# Stepanelle toy poodles



## stepanelle (Aug 3, 2009)

I am not convinced these pictures will appear due to my rubbish computer skills!!

Theres one of my latest show Dog Dom, one of me with my lovely old boy Eric (16 years). Kitty by the pond, can't remember what the other one is!


----------



## SECRETO (Aug 20, 2008)

I love the first pic. Too cute!


----------



## roxy25 (Dec 18, 2008)

OMG nice toy poodles !


----------



## akbritt (Aug 10, 2009)

Very Beautiful Poodles!


----------



## Cdnjennga (Jul 30, 2009)

Beautiful dogs! I love the agility pic - it's so great to see dogs leaping through the air and having fun. Oh and welcome to a fellow country woman (well, kind of - I'm half Canadian and half British. )


----------



## Poodle Lover (Mar 24, 2008)

Love your toys, just stunning!!! What is the height limit for a toy poodle in England? Is it 11"??


----------



## jester's mom (Nov 25, 2008)

Lovely poodles! Looks like they love you just as much as you do them. What sweet pics!!


----------



## stepanelle (Aug 3, 2009)

Hi, yes that toys have to be under 11" at the shoulder. It is amazing how much difference that can make, Dom is just under the measure while his little sister Fifi is about 9 1/2". She would not look out of place over in the US I think.

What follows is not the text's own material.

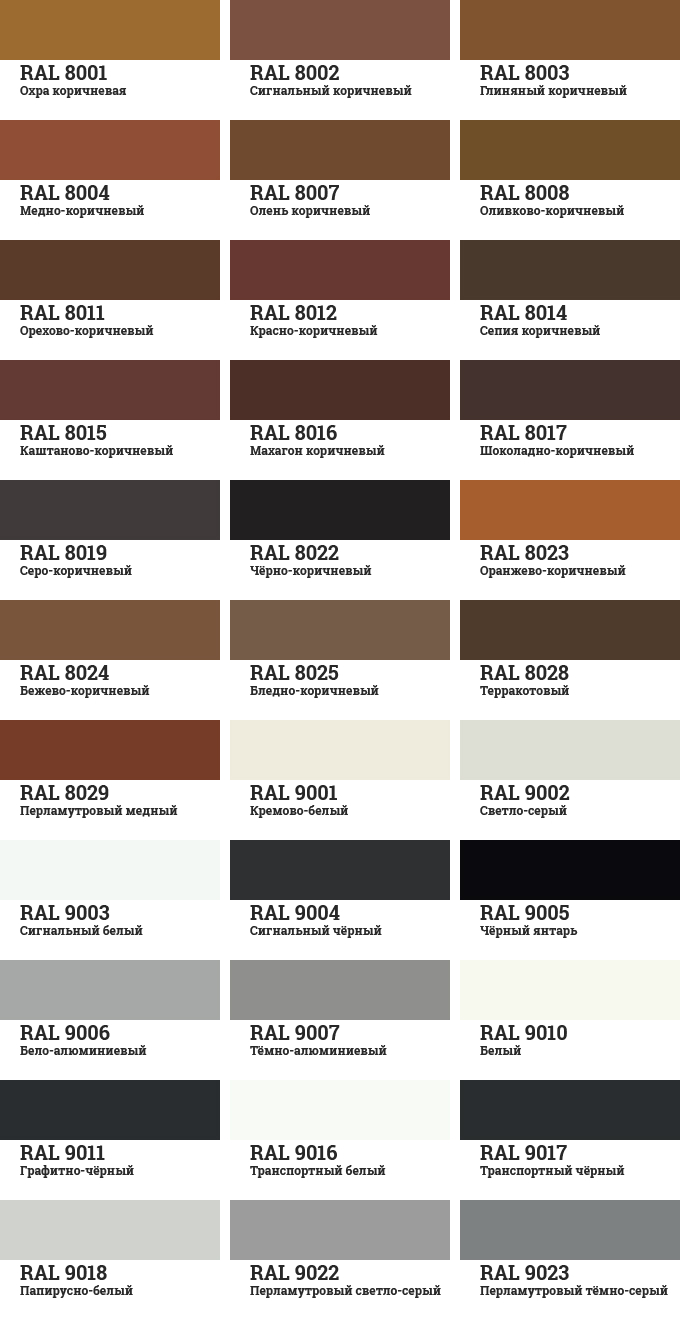 Порошковая полимерная окраска. Выбор цвета по каталогу RAL

Poodles love agility; its official. Dom often shows the collies what it is all about when I am not letting him down!!


----------



## Poodle Lover (Mar 24, 2008)

Yep, Fifi would do well in our ring at 9.5", so just send her right over. :biggrin:


----------



## Yorkiecrazy (Jun 17, 2008)

Your poodles are very beautiful!! I too, love the agility picture. Nothing like a flying poo.


----------